DATA FOR THIS EXERCISE.
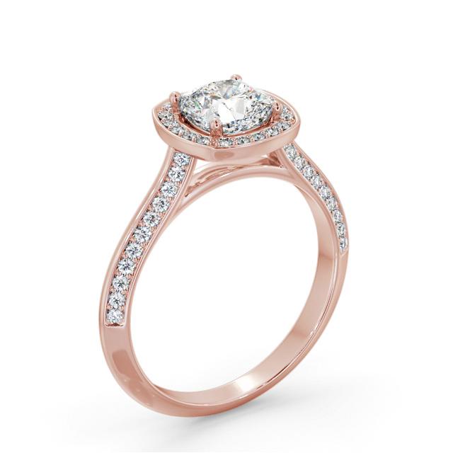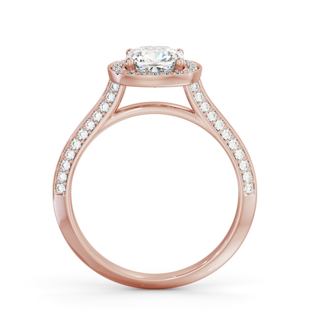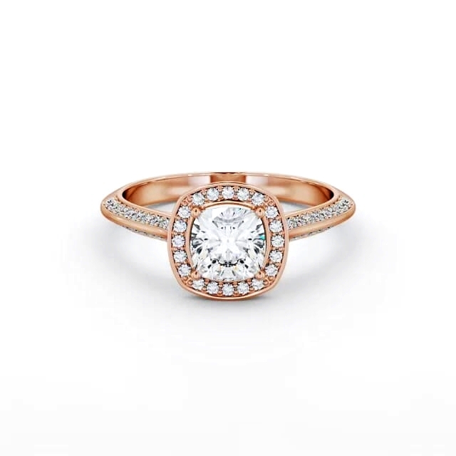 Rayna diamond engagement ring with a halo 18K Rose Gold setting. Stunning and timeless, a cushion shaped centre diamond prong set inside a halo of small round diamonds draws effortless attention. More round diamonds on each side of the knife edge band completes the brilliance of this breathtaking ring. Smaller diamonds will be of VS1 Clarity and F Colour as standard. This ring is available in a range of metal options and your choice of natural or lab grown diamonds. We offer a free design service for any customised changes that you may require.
* * *
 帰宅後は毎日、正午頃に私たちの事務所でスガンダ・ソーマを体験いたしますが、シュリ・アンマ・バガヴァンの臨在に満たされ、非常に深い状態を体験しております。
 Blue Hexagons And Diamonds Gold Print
...
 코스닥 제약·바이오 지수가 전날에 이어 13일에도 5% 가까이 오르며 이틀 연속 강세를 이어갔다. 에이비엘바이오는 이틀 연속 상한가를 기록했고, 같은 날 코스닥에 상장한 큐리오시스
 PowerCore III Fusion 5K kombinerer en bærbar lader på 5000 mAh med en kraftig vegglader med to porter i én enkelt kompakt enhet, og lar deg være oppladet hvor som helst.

WORK TO BE COMPLETED. Write down exactly the span of lines above from the one containing "帰宅後は毎日、正午頃に私たち" to the one containing "Blue Hexagons And Diamonds Gold Print", both ends included.

OUTPUT FOR THIS TASK.
 帰宅後は毎日、正午頃に私たちの事務所でスガンダ・ソーマを体験いたしますが、シュリ・アンマ・バガヴァンの臨在に満たされ、非常に深い状態を体験しております。
 Blue Hexagons And Diamonds Gold Print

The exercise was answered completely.